— Task —
Stop at the line that contains "The Patalsu Peak". Until then, set down each line of the records exactly, beginning with the first, and skip pictures.

— Task input —
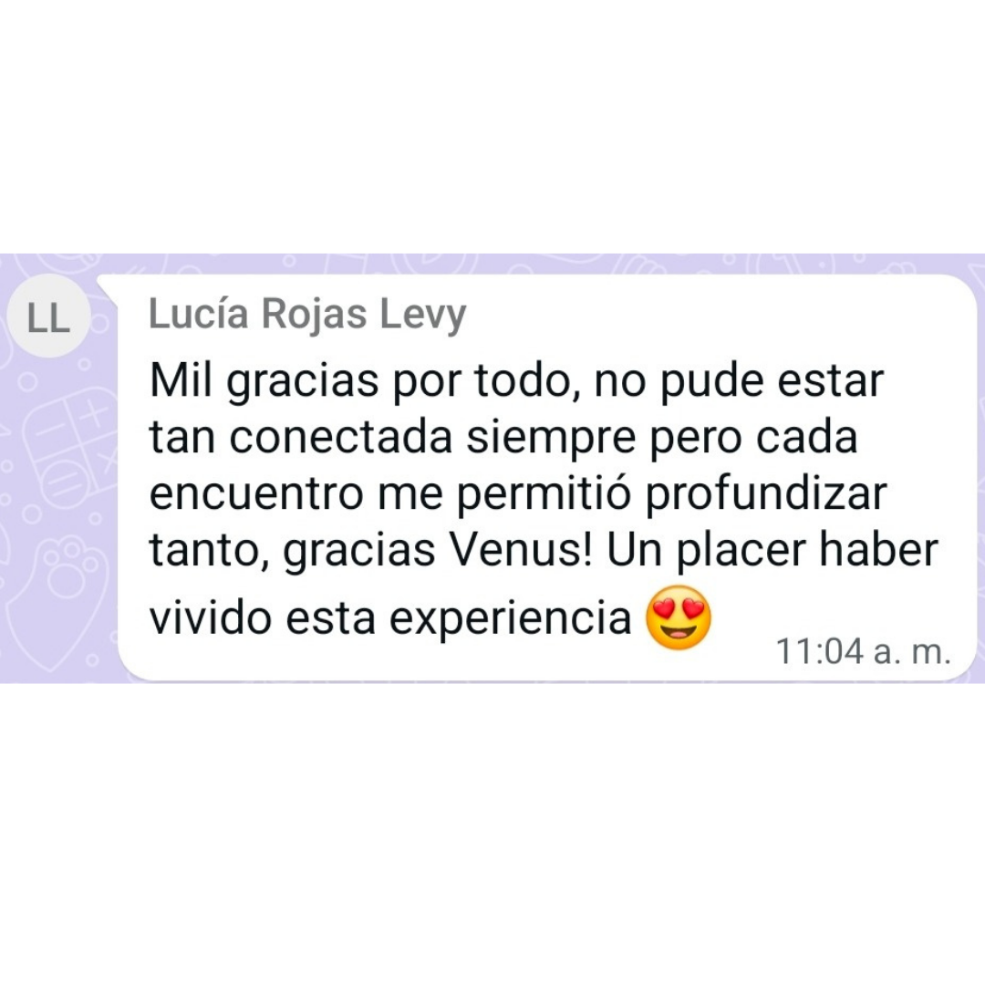 Además, tendremos 1 encuentro en vivo por Zoom de 1 hora de duración, donde te acompañaré a través de una meditacion guiada, a limpiar y a desbloquear tu canal intuitivo, integrar el proceso y resolver las dudas o preguntas que vayan surgiendo en el camino. (Este encuentro quedará grabado para que puedas volver a verlos cuando quiera).
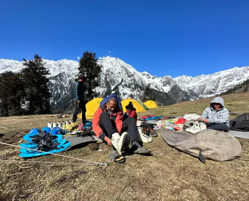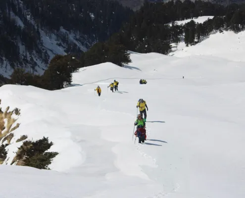 The Patalsu Peak Winter Training Expedition transforms a familiar mountain into a serious snow and cold-weather classroom. At around 4,200 m, Patalsu becomes an intense environment for learning winter skills — snow movement, cold management, and endurance.
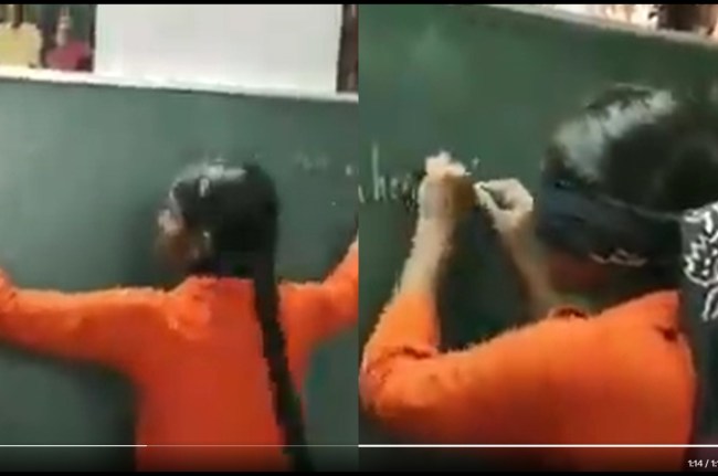 इंटरनेट पर यह वीडियो जमकर वायरल हो रहा है। अभी तक इस वीडियो के कुल करीब 944.4K View हो चुके हैं। वीडियो में युवती किसी क्लास में ब्लैक बोर्ड के आगे खड़ी दिख रही है। वह देखने में टीचर लग रही है। वह पहले अपने दोनों हाथों से एक साथ इंग्लिश में लिखती है। फिर उसकी आंख पर कोई शख्स कपड़े की पट्टी बांध देता है। वह इसके बावजूद भी ब्लैक बोर्ड पर बड़ी आसानी से लिखती हुई दिखाई पड़ रही है।
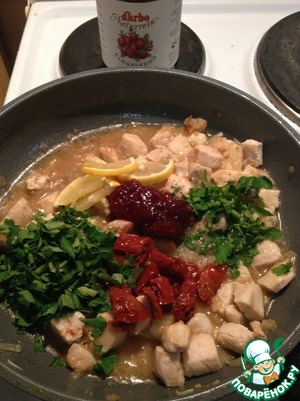 Теперь добавить лимон, зелень, вяленые томаты, клюквенный соус, довести до кипения, хорошо размешать, огонь поставить на минимум
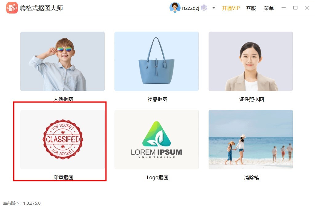 第一步,下载『嗨格式抠图大师』软件,打开软件后选择首页中的【印章抠图】。
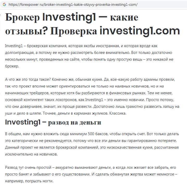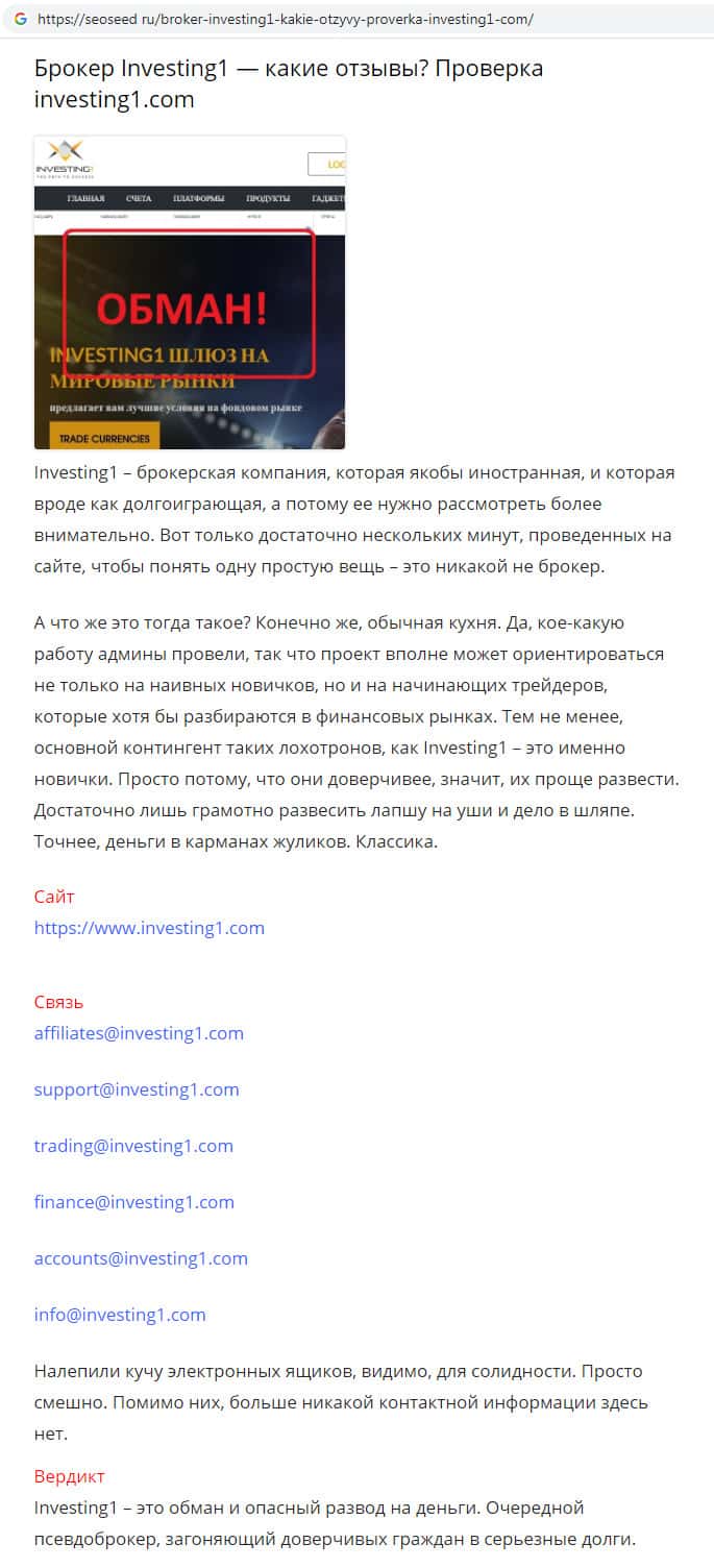 - Не ведитесь на обман в интернет-сети со стороны аферистов Investing1 !!!
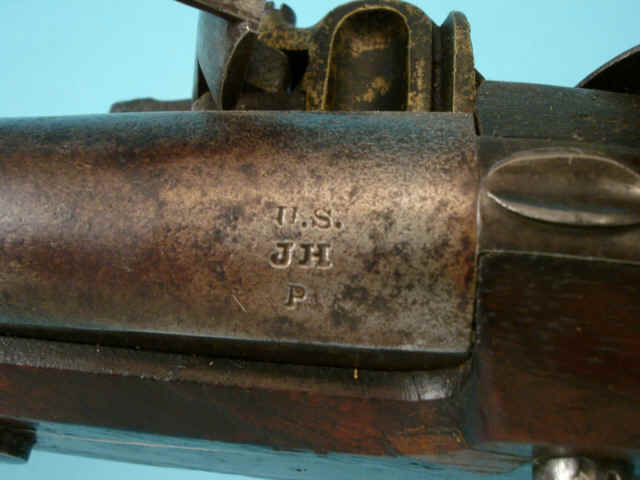 .54 caliber smoothbore, 8 1/2-inch round barrel, with US/JH/P on breech; lock with
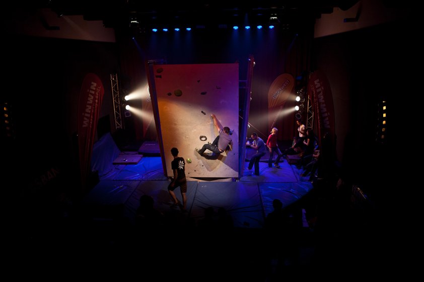 jeweils drei Kletterern an einer 2,5 – 3 m hohen Kletterwand versuchen, in möglichst kurzer Zeit neun definierte „Boulderprobleme“ zu lösen. Das Team, welches alle Probleme (bzw. soviele wie möglich) in der kürzesten Gesamtzeit löst, gewinnt den
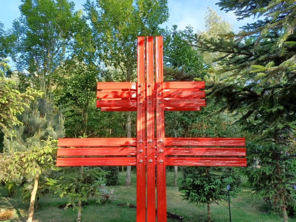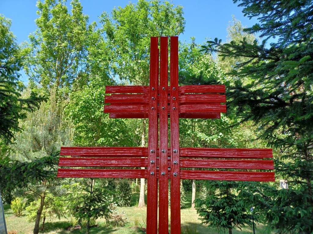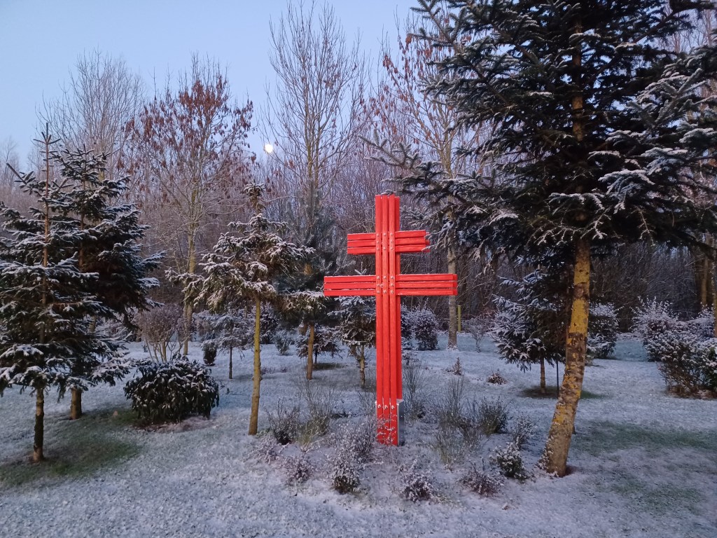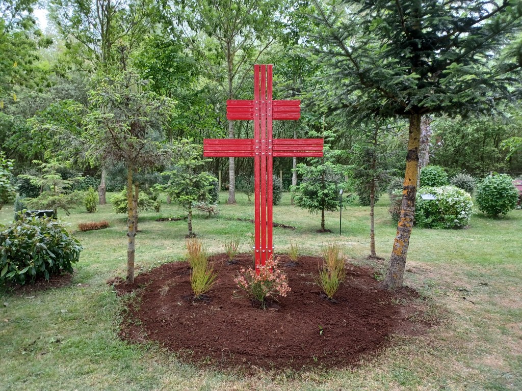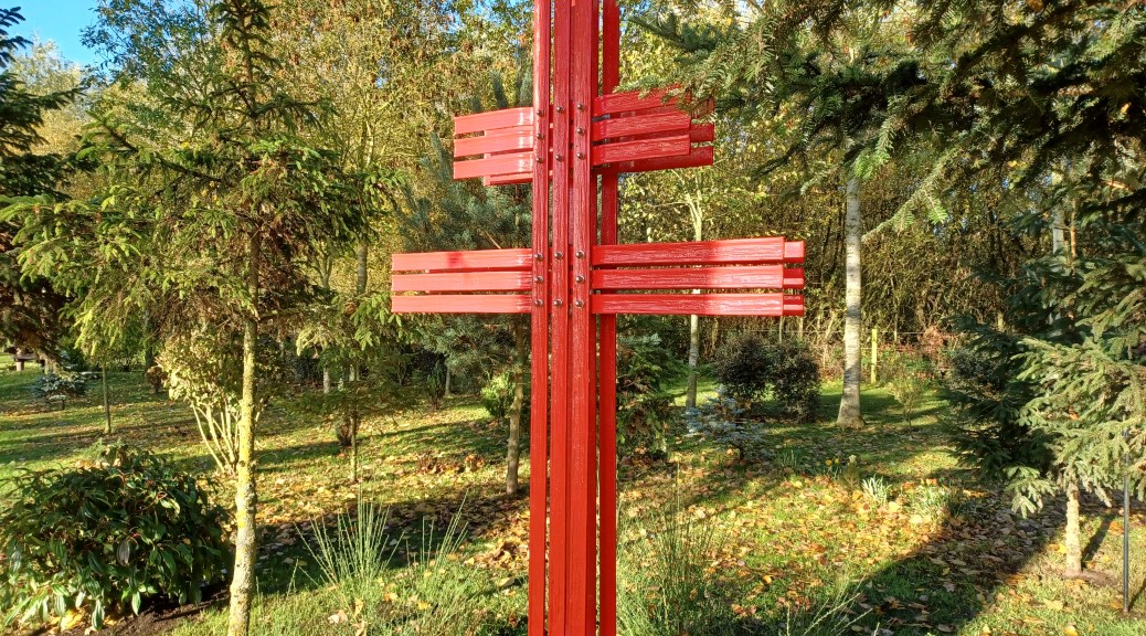 This Cross stands proud within a group of Pine trees that came from a Forest Guards cottage near Moussey in the Vosges mountains of eastern France.
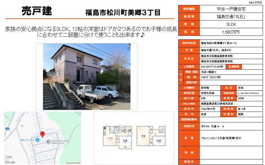 福島市松川町美郷三丁目 3LDK 1,680万円

— Solution —
 Además, tendremos 1 encuentro en vivo por Zoom de 1 hora de duración, donde te acompañaré a través de una meditacion guiada, a limpiar y a desbloquear tu canal intuitivo, integrar el proceso y resolver las dudas o preguntas que vayan surgiendo en el camino. (Este encuentro quedará grabado para que puedas volver a verlos cuando quiera).
 The Patalsu Peak Winter Training Expedition transforms a familiar mountain into a serious snow and cold-weather classroom. At around 4,200 m, Patalsu becomes an intense environment for learning winter skills — snow movement, cold management, and endurance.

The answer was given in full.